I was looking at my tank the other day and thinking once again how great a lotus might look in there. I know this is a common SWOAPE plant, i was wondering if any of you have any that you might be willing to part with. 
Thanks


----------



## MatPat

I have two right now but one is going to my friend in Maryland when he gets his tank set up. If either of them sprout another plantlet in the near future, I will let you know.


----------



## redstrat

Thanks Matt, I really appreciate it, no rush. I'm thinking about another re-scape to rejuvinate my interest in my scape this summer.


----------



## megasycophant

Too bad we didn't know this a week ago, Matt and I picked up some "dwarf lotus" at AA in Columbus. They've got them for $3 apiece if you're interested.


----------



## MatPat

I'm really curious to see what the "Dwarf Lotus" will morph into when it is given high light and CO2. It may turn out to not be suited to aquarium conditions or it may end up being very suitable, time will tell.


----------



## redstrat

I might have to make the little trip over to AA, I haven't been in there in a while anyway.


----------



## Six

the flower in my sig is that of a red tiger lotus grown outdoors if thats something youre interested in trying


----------



## megasycophant

Six said:


> the flower in my sig is that of a red tiger lotus grown outdoors if thats something youre interested in trying


Heh, I'm just trying to see your sig, as it's blank to me!


----------



## jennfier

Maybe need another thread for seeing sigs.
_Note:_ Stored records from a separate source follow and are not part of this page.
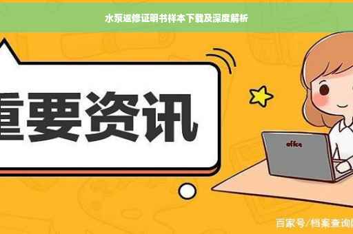 随着工业化的快速发展,水泵作为重要的流体输送设备,广泛应用于各个领域,在使用过程中,由于各种原因,水泵可能会出现故障或损坏,需要进行返修,而水泵返修证明书是证明水泵维修过程及质量的重要文件,本文将为大家提供水泵返修证明书样本下载链接,并对样本进行详细分析,以便大家了解并正确填写。
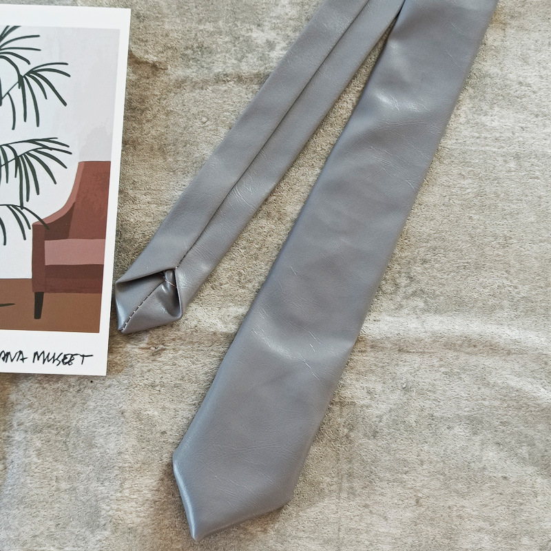 귀여운 소스 블랙 다크 브라운 PU 가죽 넥타이 여자의 복고풍 단색 손 모양의 좁은 버전 남성용 유행 성격스토어 가기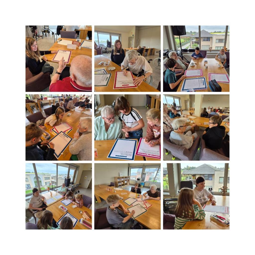 Een gezellige namiddag met de 3e graad op bezoek bij de bewoners van Groendorp. Aan de hand van vragen over het leven vroeger en nu tot een gezamenlijke tekening komen.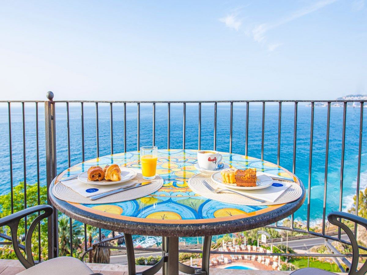 Elegant Suite Vista Mare: con una superficie di 50 mq, da 2 a 4 posti letto, è dotata di 1 camera da letto, 1 soggiorno con divano letto doppio, 1 ampio ingresso, 1 bagno e una terrazza vista mare di 30 mq con vasca idromassaggio. Disponibile con supplemento sulla tariffa della Luxury Room.

Can I see mine ? Yes I can.


----------



## Six

lol, i broke the link.










here's the whole pic


----------



## megasycophant

that's awesome!


----------



## jennfier

Wow, what camera did you use ? That's a gorgeous pic.


----------



## Six

thanks jennifer.  i used a nikon 8700 in macro mode. 

i just got our lotus going for this year a couple weeks ago. putting up leaves every 3-4 days  the leaves get 7+"! ill have to find a pic/take a pic.

i love posting that pic because that plant is $5 compared to the $30 water garden lily varieties!


----------



## MatPat

Wow, I really hope I can get my Red Tiger Lotus to bloom like that. So far it has been languishing in the pot on my front porch. I don't think it is getting enough light


----------